Stop, drop but never roll…if you want a life you love

On my walk this morning, I stopped at my local parkette. It’s one of the places I like to go to clear my head and let ideas find me. I sat down at a picnic table, centred myself, listened to the birds, watched the kids playing, and then I began to watch the cars driving past. (Usually I try my best to ignore them.) However, today I was being presented with a reminder. I share it here in case it’s for you too…

The parkette is in the centre of a large round-about which includes four stop signs allowing cars and people to safely enter the surrounding road and the central parkette. As I sat, I observed at least 30 cars as they approached one of the stop signs. Of all those cars, only one came to a full stop. The rest slowed then rolled right through. One didn’t even stop as both a car and a pedestrian approached from a cross road. “Gotta beat ’em” seemed to be this driver’s modus operandi. This got me thinking about the importance of stopping. Not just when you’re behind the wheel, but in life.
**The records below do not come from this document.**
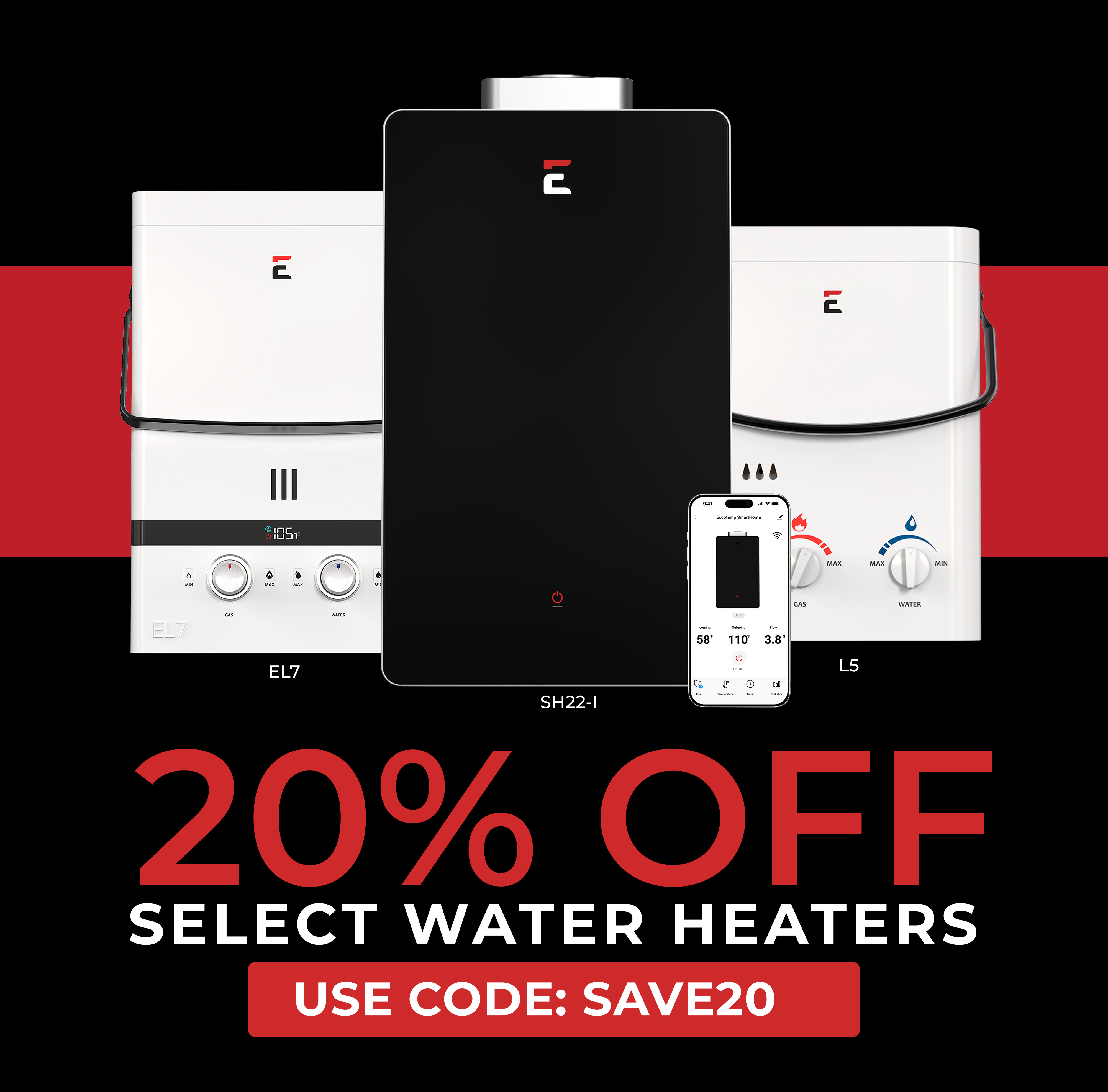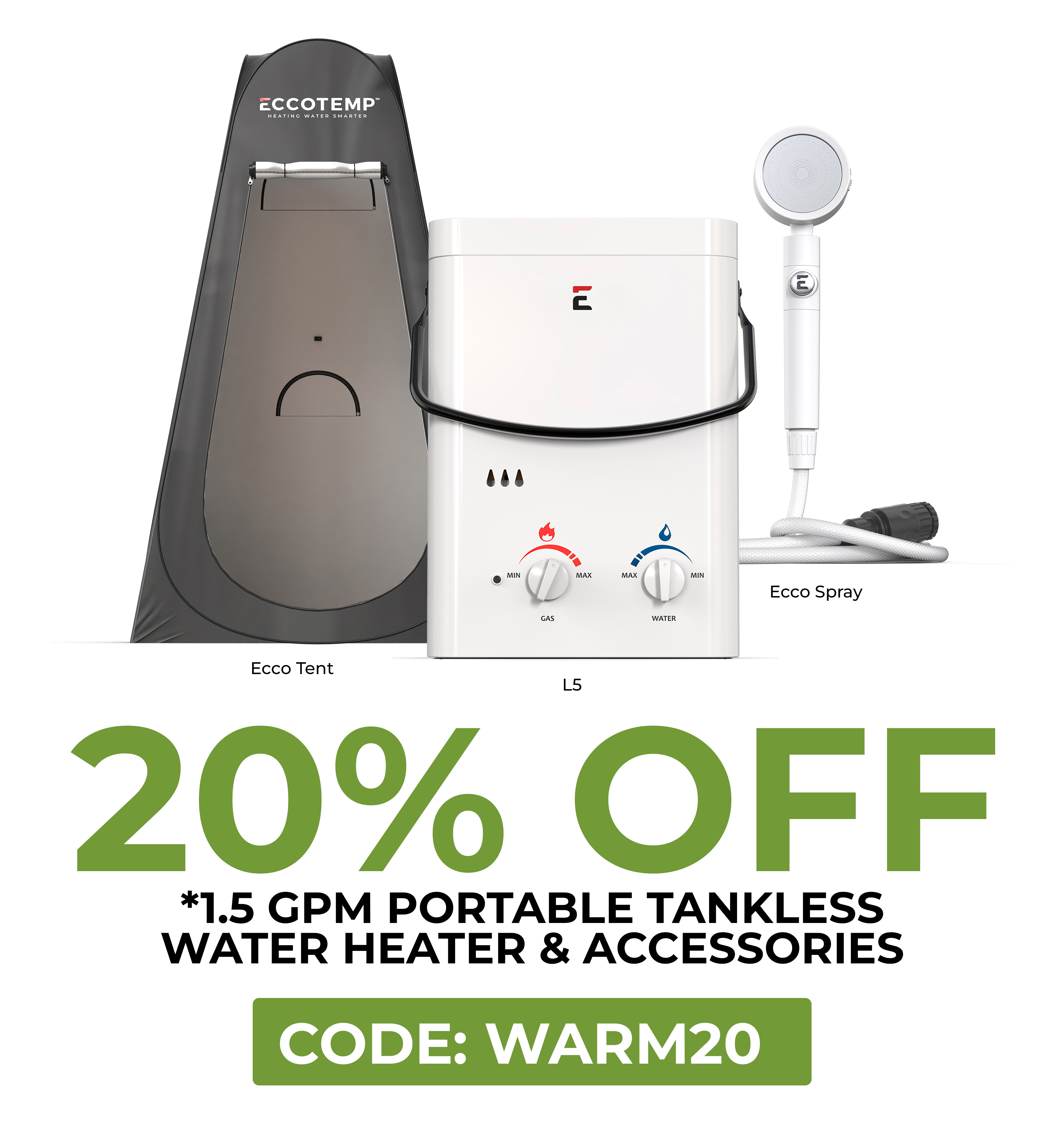 *Social media coupon codes: Coupon code for 15% off first new Portable water heater order. Excludes parts and accessories. Cannot be combined with any other promotion, discount, or coupon code. Applies to new retail orders only on www.eccotemp.com.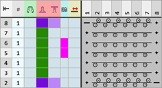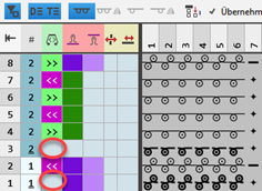 | Ungrouped technical rows: All pattern rows are drawn-in one-to-one in the design pattern. This means that the corresponding number of pattern rows will be overwritten in the design pattern. |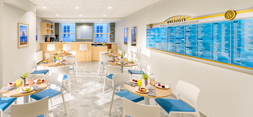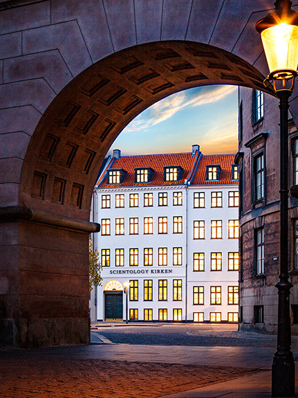 La nueva Iglesia de Scientology de Dinamarca se erige cinco pisos de altura y está a solo unos pasos de la calle Strøget, donde 75 000 peatones pasan cada día. Como tal, sirve como una central de la ciudad para un número de iniciativas humanitarias que han ganado el respeto de la comunidad cívica de Copenhague.

How often do you come to a full stop in your day, week or life?

Do you rush through your day and year anxious to get to the next thing and achieve the next goal or do you regularly take time to stop and enjoy where you are?

Coming to a full stop – voluntarily or involuntarily – invites you to take yourself into account.

Stopping allows you to ask and reflect on:

How am I feeling? What do I need right now?
Is this where I want to be? What would I prefer instead?

Within the ‘stop’ is often the cure.

When you allow the ‘stop’…

  • you allow yourself an opportunity to find the solution you’ve been chasing yet never seem to catch up to.
  • You notice what you’ve been ignoring.
  • You become aware of the cause of your unhappiness, discomfort, dissatisfaction or pain.

It’s important to regularly make time to stop so you can listen to your inner voice and hear your inner response.

Only from awareness can you begin to create change.  

I invite you to take a moment now and come to a full stop. Journal, take a bath, meditate, go for a walk – anything that allows you to come back to You so you can appreciate where you are and better see where you want to go next without the blinders of routine, schedules and goals.

The reason they put blinders on horses is so they won’t get distracted. The horse’s attention is thereby focused on someone else’s agenda. When they get where they’re going, the horses stop and the blinders are removed. What did the horses miss seeing on route? What are they experiencing and perhaps appreciating more once the blinders come off?

Covid19 not only forced us all to stop, it gave us permission to stop. It offered a cocoon to rest in and see what wanted or needed to be transformed. It offered a chance to drop our blinders, look around and see what we appreciated (and didn’t) in our lives, why and what we’d rather have instead.

We’re getting used to wearing masks. Let’s not get used to wearing blinders again too.

Give yourself permission to be fully in the driver’s seat of your life and come to a full stop at every sign telling you to do so, so you can clearly see where you’re meant to go next. 

As a Love Note from your Soul said:

Did ‘the global pause’ remove any blinders for you?
What will you do to ensure they don’t go back on?